= Description of the task =
Please write out the whole listing that follows exactly; the pictures stay out.

*** Data segment Section Begins ***

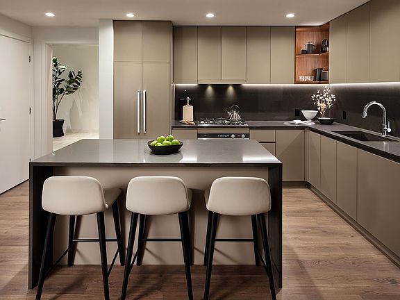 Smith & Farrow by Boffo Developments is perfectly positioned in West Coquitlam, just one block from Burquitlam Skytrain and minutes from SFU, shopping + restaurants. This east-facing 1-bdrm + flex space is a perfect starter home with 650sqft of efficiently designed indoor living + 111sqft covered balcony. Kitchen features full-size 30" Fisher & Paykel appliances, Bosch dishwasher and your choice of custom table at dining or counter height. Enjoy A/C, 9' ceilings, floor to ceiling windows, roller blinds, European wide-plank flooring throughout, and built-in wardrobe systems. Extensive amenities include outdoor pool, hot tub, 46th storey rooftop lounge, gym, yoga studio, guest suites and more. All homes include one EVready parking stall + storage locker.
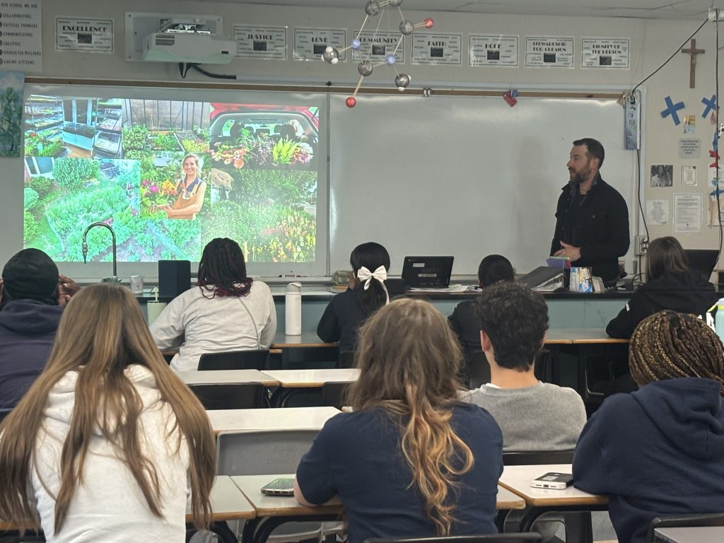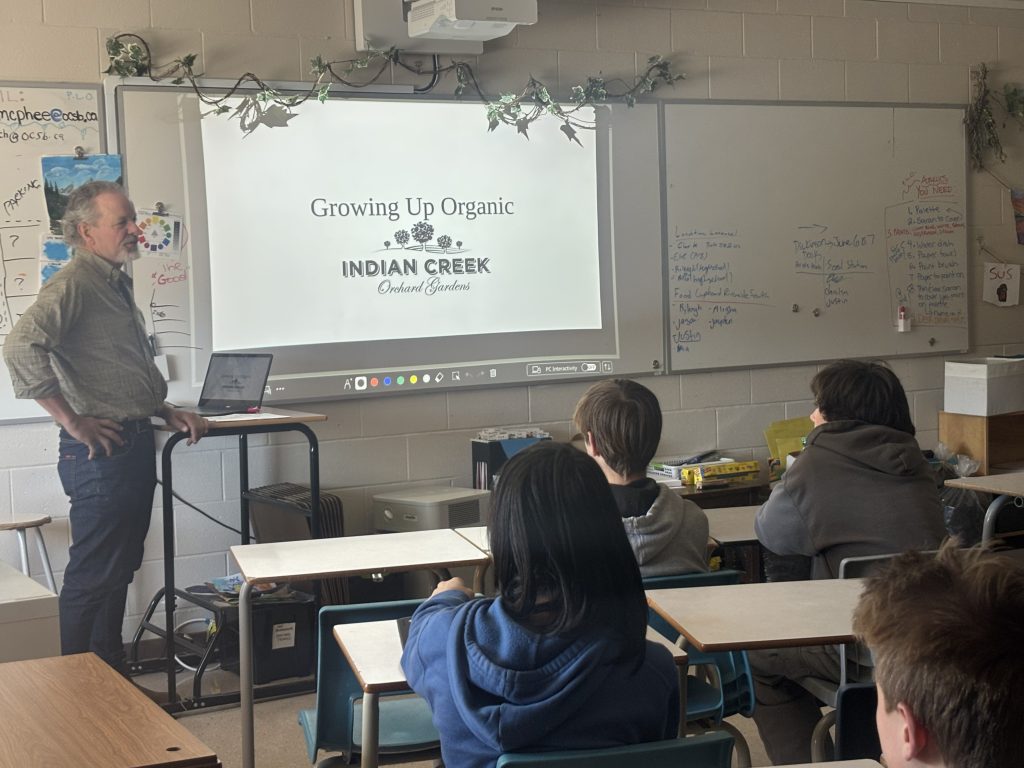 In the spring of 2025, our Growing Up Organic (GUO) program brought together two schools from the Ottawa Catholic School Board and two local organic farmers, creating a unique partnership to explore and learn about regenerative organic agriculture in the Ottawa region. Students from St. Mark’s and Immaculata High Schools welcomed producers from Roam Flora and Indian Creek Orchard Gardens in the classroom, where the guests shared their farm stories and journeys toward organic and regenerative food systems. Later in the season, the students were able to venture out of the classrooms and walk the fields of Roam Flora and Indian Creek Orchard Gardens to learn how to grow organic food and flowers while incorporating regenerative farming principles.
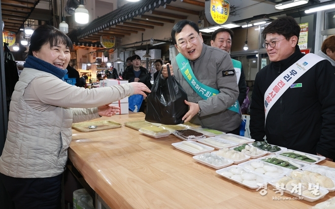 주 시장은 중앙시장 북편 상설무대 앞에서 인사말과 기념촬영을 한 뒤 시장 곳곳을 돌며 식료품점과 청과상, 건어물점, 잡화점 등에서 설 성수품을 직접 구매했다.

*** Data segment Section Ends ***

= Answer to the exercise =
 Smith & Farrow by Boffo Developments is perfectly positioned in West Coquitlam, just one block from Burquitlam Skytrain and minutes from SFU, shopping + restaurants. This east-facing 1-bdrm + flex space is a perfect starter home with 650sqft of efficiently designed indoor living + 111sqft covered balcony. Kitchen features full-size 30" Fisher & Paykel appliances, Bosch dishwasher and your choice of custom table at dining or counter height. Enjoy A/C, 9' ceilings, floor to ceiling windows, roller blinds, European wide-plank flooring throughout, and built-in wardrobe systems. Extensive amenities include outdoor pool, hot tub, 46th storey rooftop lounge, gym, yoga studio, guest suites and more. All homes include one EVready parking stall + storage locker.
 In the spring of 2025, our Growing Up Organic (GUO) program brought together two schools from the Ottawa Catholic School Board and two local organic farmers, creating a unique partnership to explore and learn about regenerative organic agriculture in the Ottawa region. Students from St. Mark’s and Immaculata High Schools welcomed producers from Roam Flora and Indian Creek Orchard Gardens in the classroom, where the guests shared their farm stories and journeys toward organic and regenerative food systems. Later in the season, the students were able to venture out of the classrooms and walk the fields of Roam Flora and Indian Creek Orchard Gardens to learn how to grow organic food and flowers while incorporating regenerative farming principles.
 주 시장은 중앙시장 북편 상설무대 앞에서 인사말과 기념촬영을 한 뒤 시장 곳곳을 돌며 식료품점과 청과상, 건어물점, 잡화점 등에서 설 성수품을 직접 구매했다.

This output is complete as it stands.